By Jeff Stone -
Jittery investors faced another week of volatility as Asian markets opened Monday in the wake of the U.S. Federal Reserve’s decision not to hike interest rates. Analysts suggested the Fed's decision was motivated by difficulty in competing with China and other growing economies, a bad sign for already nervous investors.
Asian markets opened Monday largely lower, likely in reaction to the Fed's decision to keep interest rates near zero.
Economic reports on the U.S. gross domestic product, durable goods orders and the FHFA house price index are among the forecasts investors are anticipating later this week. Wall Street will likely keep an eye on flash business readings from China and the eurozone as well.
“The monetary-policy-watcher world has now turned decidedly bearish after last Firday's Fed meeting,” Evan Lucas, market strategist at trading services provider IG in Melbourne wrote in a note, as quoted by Reuters. “If emerging market risk, coupled with low-growth European environment is affecting Fed decision making, sentiment uncertainty will amplify.”
Major stocks including Apple (NASDAQ:AAPL), General Electric (NYSE:GE), Time Warner and Bank of America (NYSE:BAC) closed lower Friday. Analysts said it was proof the Fed's reluctance to raise borrowing costs has encouraged banks and asset managers, who were positioned to benefit from higher interest rates, to sell off sharply, pushing the Dow Jones Industrial Average down 290.16 points at the close, according to the Wall Street Journal.

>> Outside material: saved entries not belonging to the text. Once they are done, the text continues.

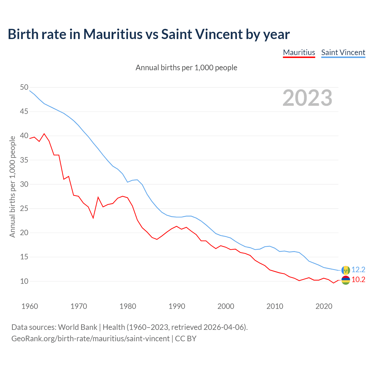 GeoRank.org/birth-rate/mauritius/saint-vincent | CC BY
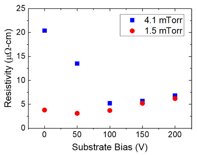 각각의 증착 조건에서 최적의 기판 바이어스 크기를 찾는 것이 중요하다. 그림 5에서 주목할 점은 기판 바이어스의 인가가 4.1 mTorr에서 증착된 박막의 비저항에 미치는 영향이 1.5 mTorr에서 증착된 박막 대비 훨씬 더
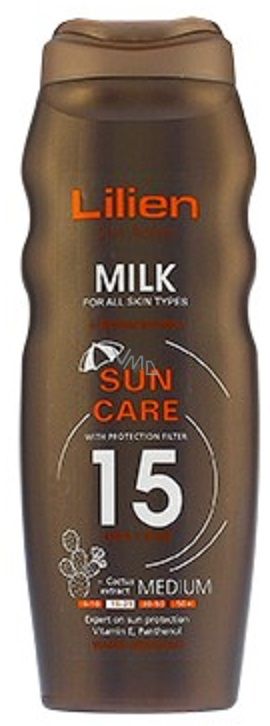 Pokud jste snědý typ a Vaše kůže přirozeně hnědne, nemusíte sahat po prostředcích s vysokým ochranným faktorem. Přesto byste ale měli svou pokožku chránit před nepříznivými vlivy slunečního záření. Voděodolné opalovací mléko Lilien Sun Active spolehlivě chrání před spálením a snižuje riziko vzniku slunečních alergií. Je obohaceno o panthenol, beta-karoten, alantoin a jemný parfém bez alergenů.
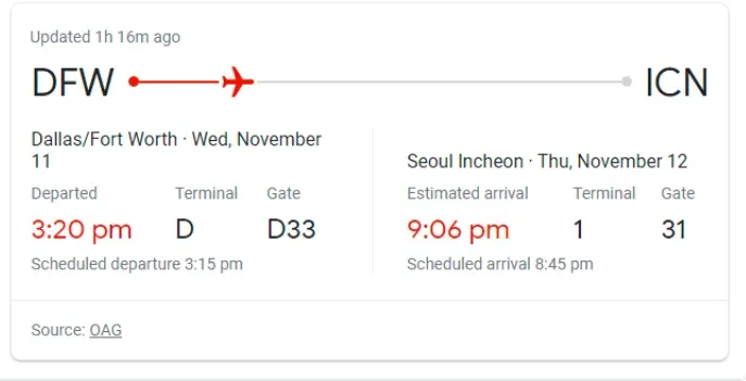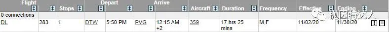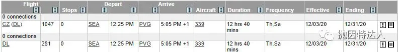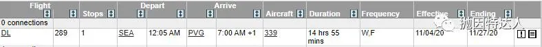 DL289(西雅圖 – 上海浦東,技術經停首爾)11月班期細節:0:05 – 07:00 +1,每周三、五執飛
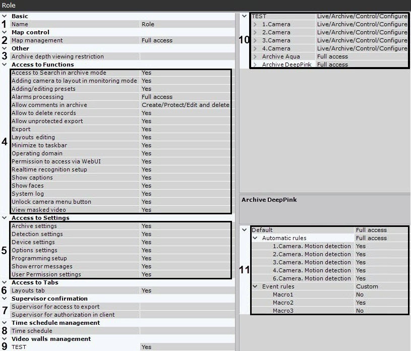 Parameters Access permission Description Basic Name − Enter a name for the role (1) Map control Select the access level to the maps for users with the current role (2) Map management View only You can only view maps View/move/scale You can views, move, and scale maps Full access All options available Other Archive depth viewing restriction − If you need to limit the access of users of a given role to all system archives, you can specify the archive depth limit in hours (3). If no limit is set, users may view all video recordings
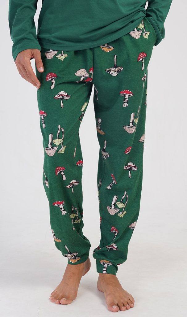 Pánské pyžamo dlouhé Muchomůrky - tmavě zelená
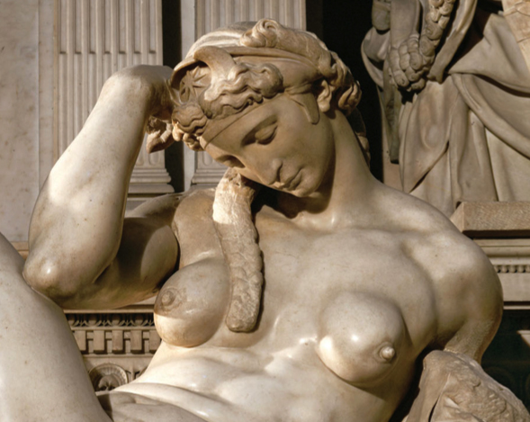 Assorta in un sonno ristoratore, se ne sta semi distesa sopra il sarcofago di Giuliano de’ Medici, duca di Nemours.
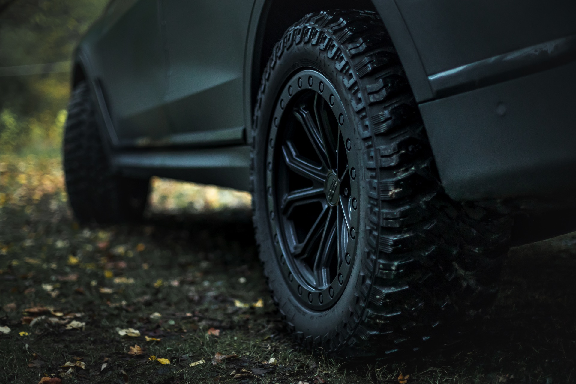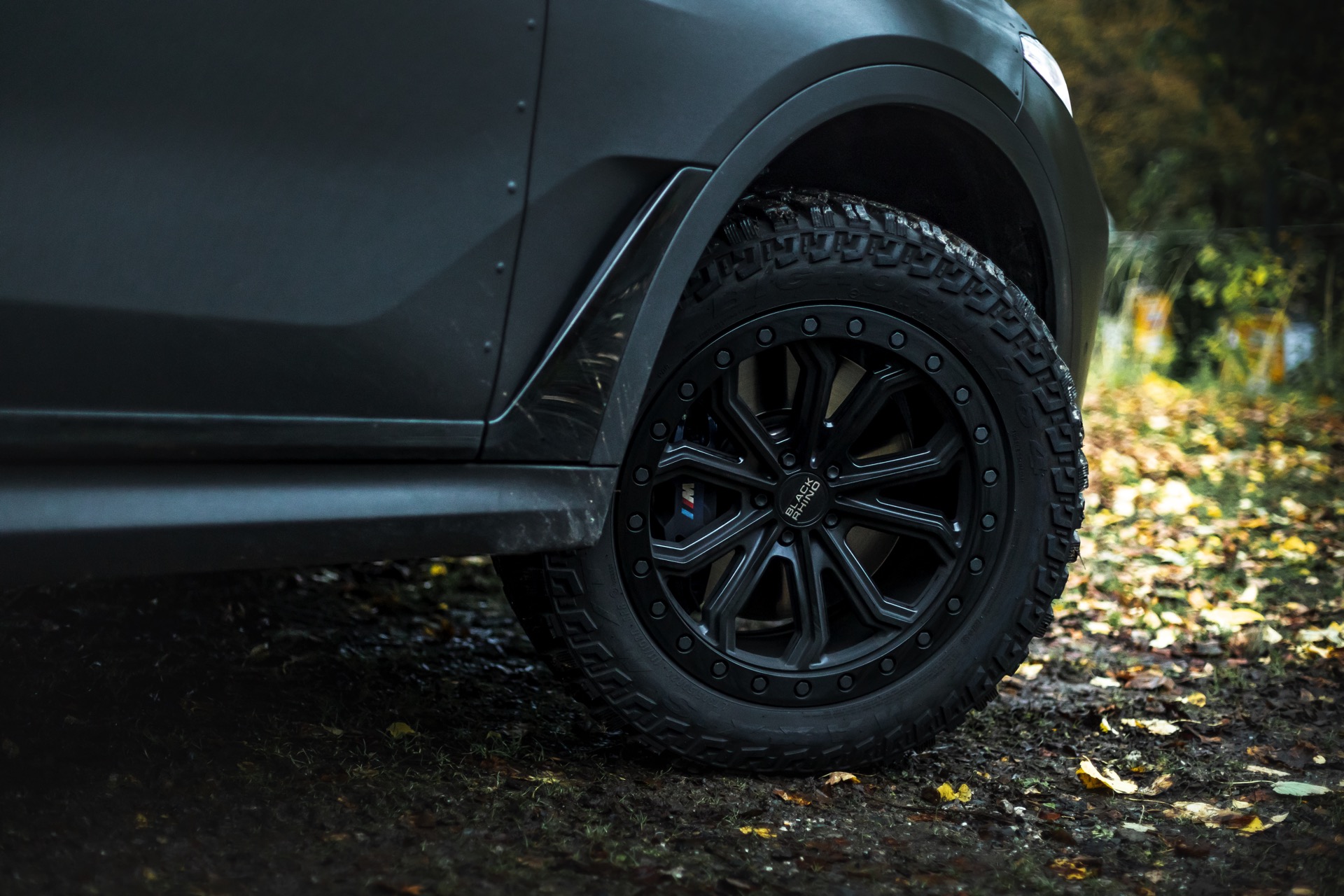 Genau wie bei einem Sportwagen ist die Bereifung auch bei einem Geländewagen von entscheidender Bedeutung für die tatsächliche Performance, deshalb kamen für die Manhart MHX7 Dirt Edition nichts anderes als schwere Gelände-Reifen in Frage. Die 305 Millimeter breiten Stollenreifen vom Typ Maxxis Bighorn MT-764 versprechen maximale Traktion auf schwierigem Untergrund und tragen wesentlich zum martialischen Erscheinungsbild desies BMW X7 bei. Passend zum Military- und Offroad-Look sind auch die mattschwarz gehaltenen 20-Zoll-Felgen im Beadlock-Design.
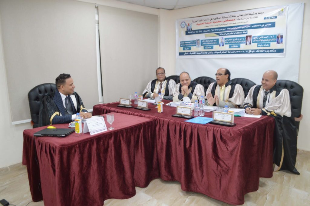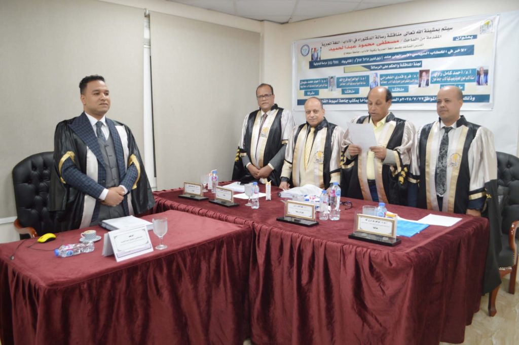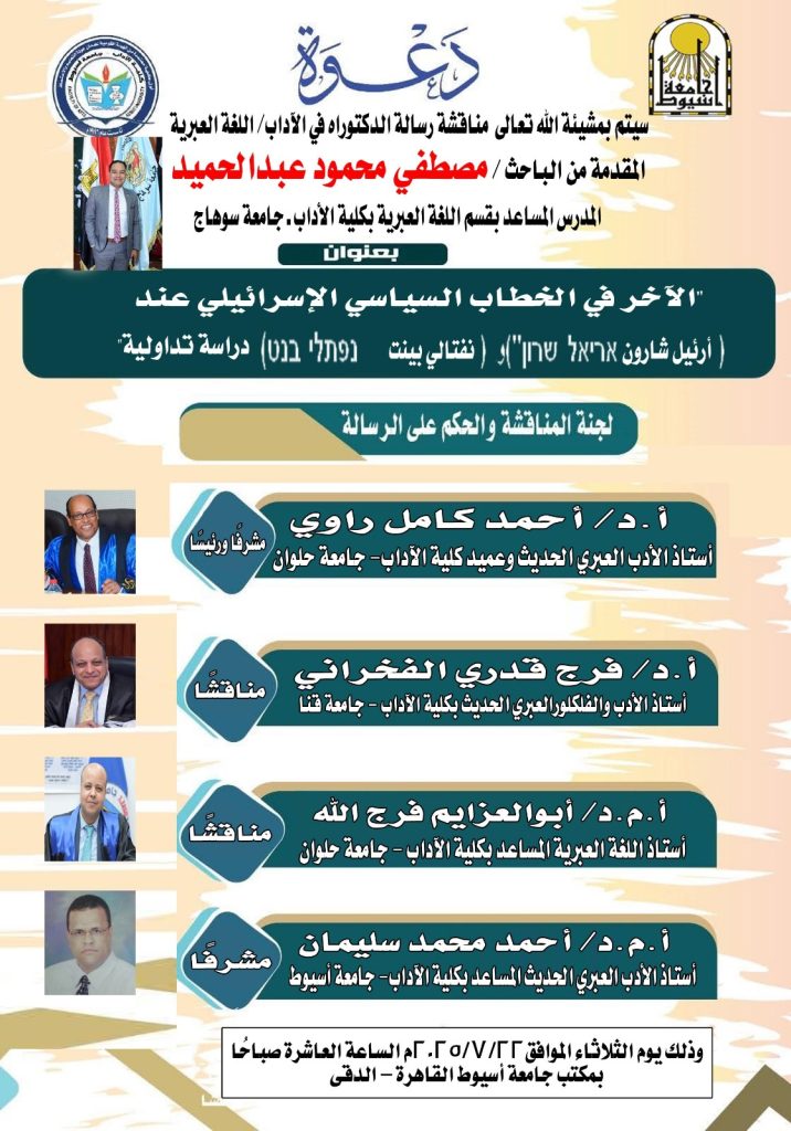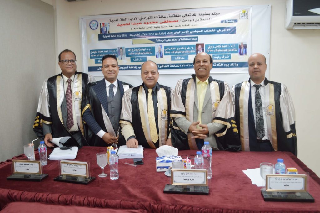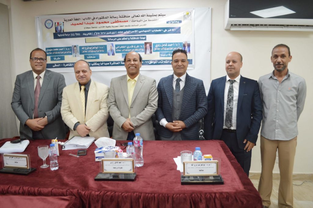 حصل الباحث مصطفى محمود عبد الحميد، المدرس المساعد بقسم اللغات الشرقية “اللغة العبرية” بكلية الآداب بجامعة سوهاج، على درجة الدكتوراه في الآداب بمرتبة الشرف الأولى. حيث جاءت رسالة الباحث تحت عنوان “الآخر في الخطاب السياسي الإسرائيلي عند (أرئيل شارون) و(نفتالي بينت): دراسة تداولية”.
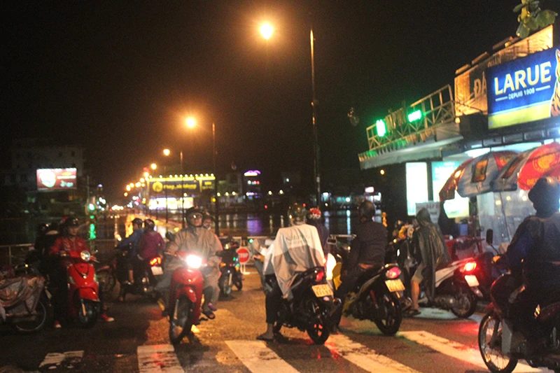 Vào tối 3-12, tại đập Đá (đoạn giao nhau giữa đường Nguyễn Sinh Cung và Lê Lợi, TP Huế), nước sông Hương dâng cao và chảy xiết, lực lượng chức năng đã phải đặt rào chắn cấm đi lại ở hai đầu để chặn xe và người dân đi qua, đề phòng nguy hiểm.
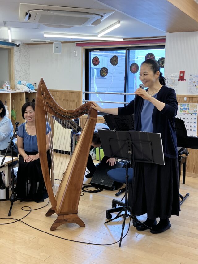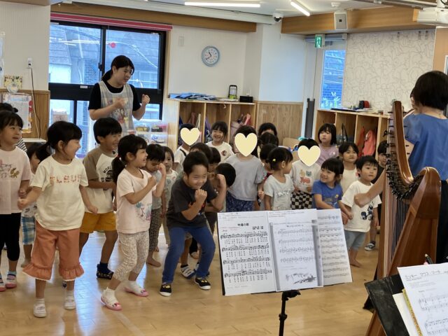 「きれいな音だね!」「おおきいな~!」と初めて見るハープに感動!
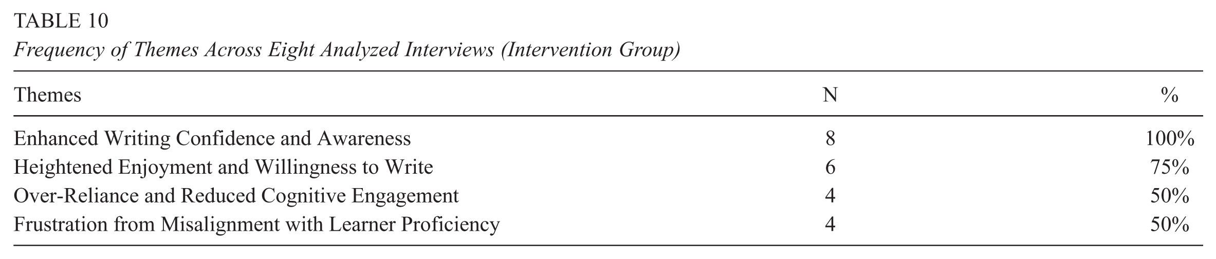 Taken together, these themes extend the quantitative findings by illustrating the lived experiences underlying motivational changes, showing how AI-mediated writing both supports and challenges motivation and self-regulation. Table 10 summarizes the frequency of each theme across the eight interviews.
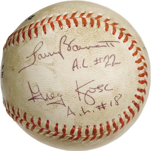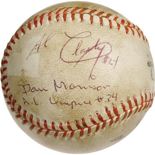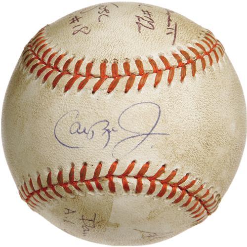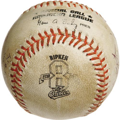 <B>1995 Cal Ripken, Jr. 2,131st Consecutive Game Used Baseball.</B></I> The Iron Man tops the Iron Horse. Well-used OAL (Budig) sphere with special Ripken stamping saw action on September 6, 1995 as the 2007 Hall of Fame inductee officially became the most dependable employee in Major League Baseball history. Ripken's 10/10 blue ink signature adorns the sweet spot, with the signatures of all four umpires working the game signing the side panels. Ball is accompanied by a letter from one of those umps, Dan Morrison, attesting to its historic heritage. An inspiring piece that links two of baseball's most honorable men. <I>LOA from PSA/DNA. LOA from James Spence Authentication.</B></I><BR><BR><b>Shipping:</b> Balls, Pucks, etc., Small (<a target="_blank" href="http://www.heritageauctions.com/common/shipping.php">view shipping information</a>)
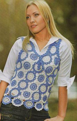 Вязаная майка из мотивов Размер: 36/38 Вам потребуется: пряжа ATELIER Z1TR0N: 200 г синей (цвет №14) и 150 г белой (цвет №01) LIFE STYLE (100% мериносово...
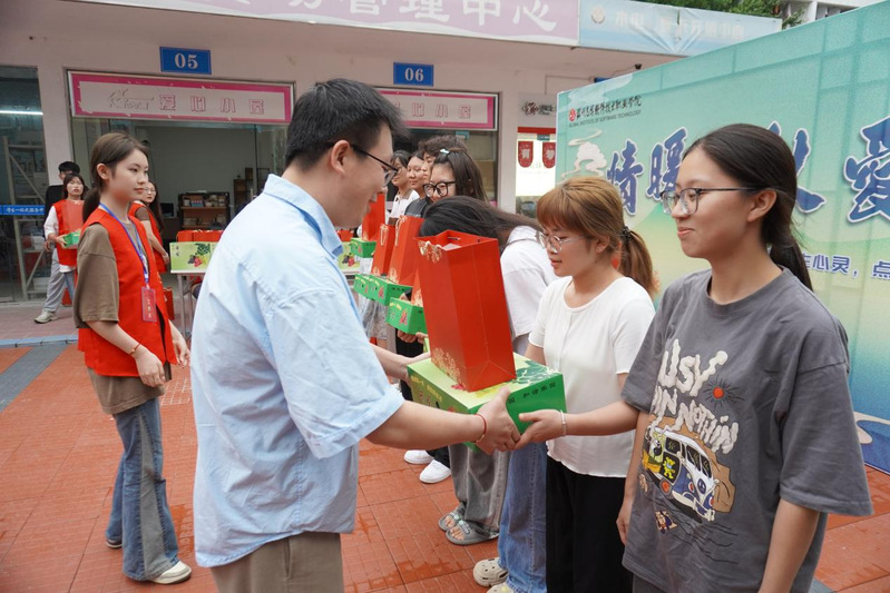 随后,徐子良教授、邹艳星处长、周萍副处长和各二级学院的资助负责老师代表学校为同学们送上了精心准备的月饼、水果和生活用品等慰问物资,满载着学校对同学们的关心和祝福。现场领取慰问礼品的同学们脸上洋溢着喜悦与感动,一声声“谢谢”都浸满了幸福的味道。
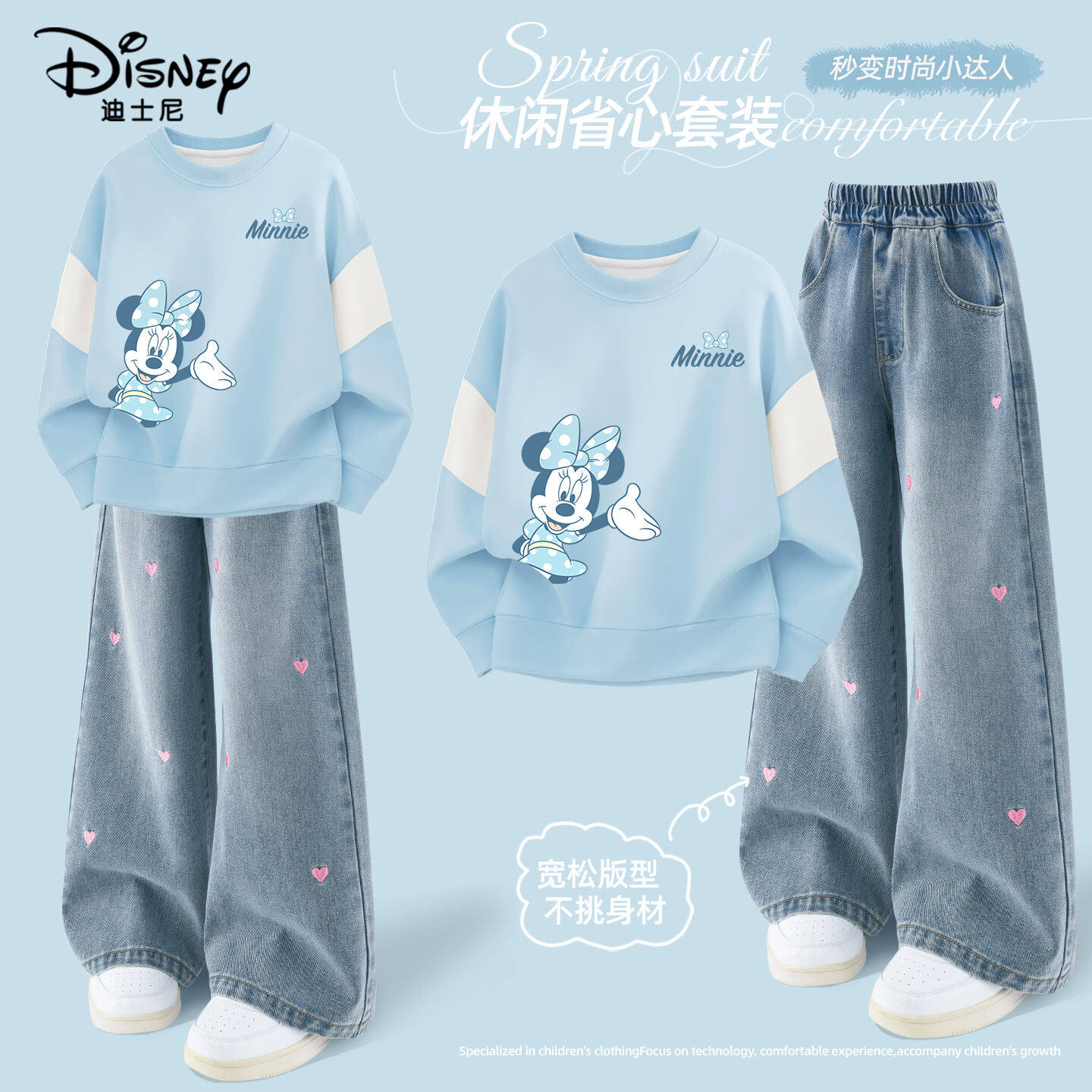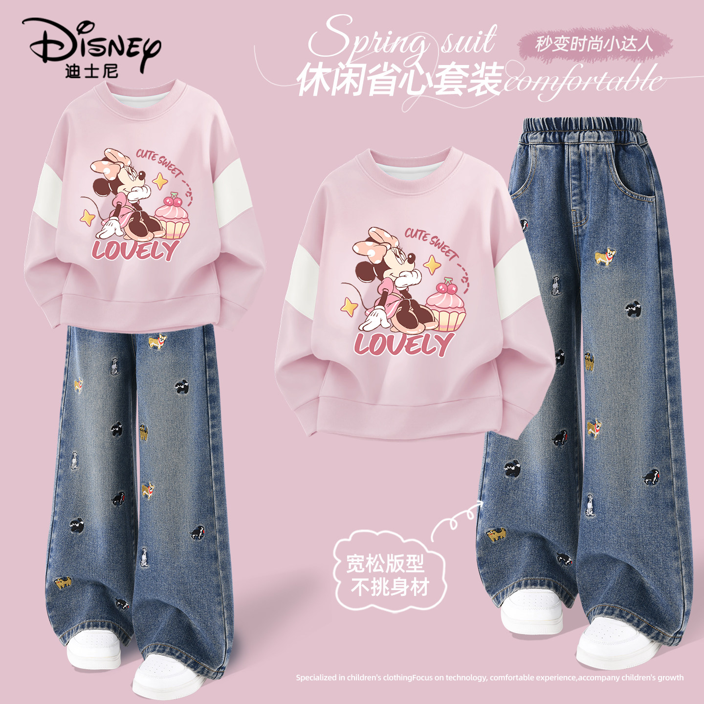 迪士尼女童套装2026新款女大童春季卫衣时尚牛仔裤两件套儿童春装
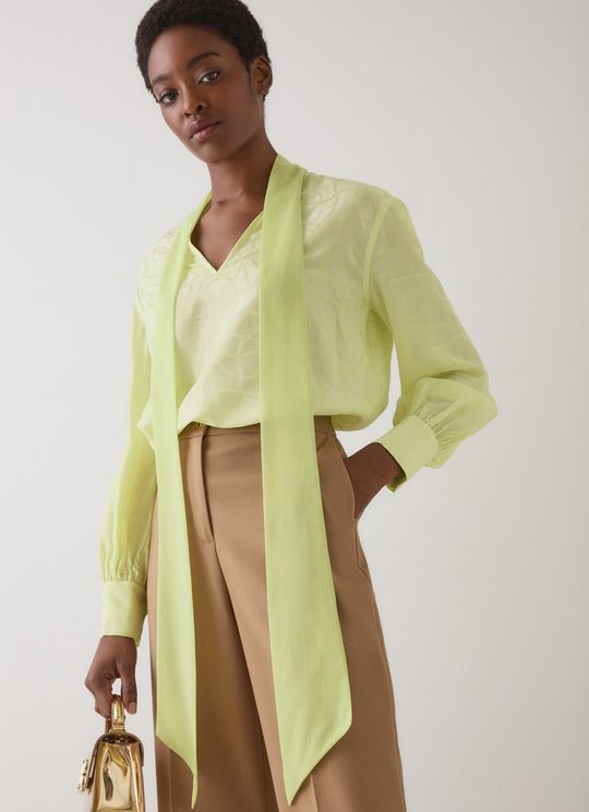Maggie Green Jacquard Print Silk Blend Blouse

The uncertainty comes ahead of Chinese President Xi Jingping's scheduled trip to the U.S. Tuesday that includes a planned summit with President Obama, which is expected to focus on technology and China's commitment to open markets.
Other factors that could influence the market in the next week include the Taiwan central bank's decision on whether to cut interest rates for the first time since 2009, the level of Japan's consumer inflation and the pending release of industrial production data from Singapore Friday.
“The market is trying to discover where it's going next, and we have two possible paths, either we're overwhelmed by the lack of growth and China slams into a hard landing, or China is not slowing as much as people thought,” Wayne Lin, a portfolio manager at QS Investors, told the Journal. “What struck me about [the Fed's statement] was the reference to what was going on globally.”
Wall Street expects the earliest possible time for a U.S. rate rise will be December or early 2016. The Fed's surprise statement coincided with other market difficulties though, including China's move to devalue its currency and the S&P 500 entering a downswing in August.
“Once that trend is determined, a tenet of the century-old Dow Theory of market analysis says it is assumed to remain in effect, until it gives definite signals that it has reversed, according to the Market Technicians Associations knowledge base,” wrote Tomi Kilgore in a column for MarketWatch.com. “In other words, the trend is your friend, until it isn't.”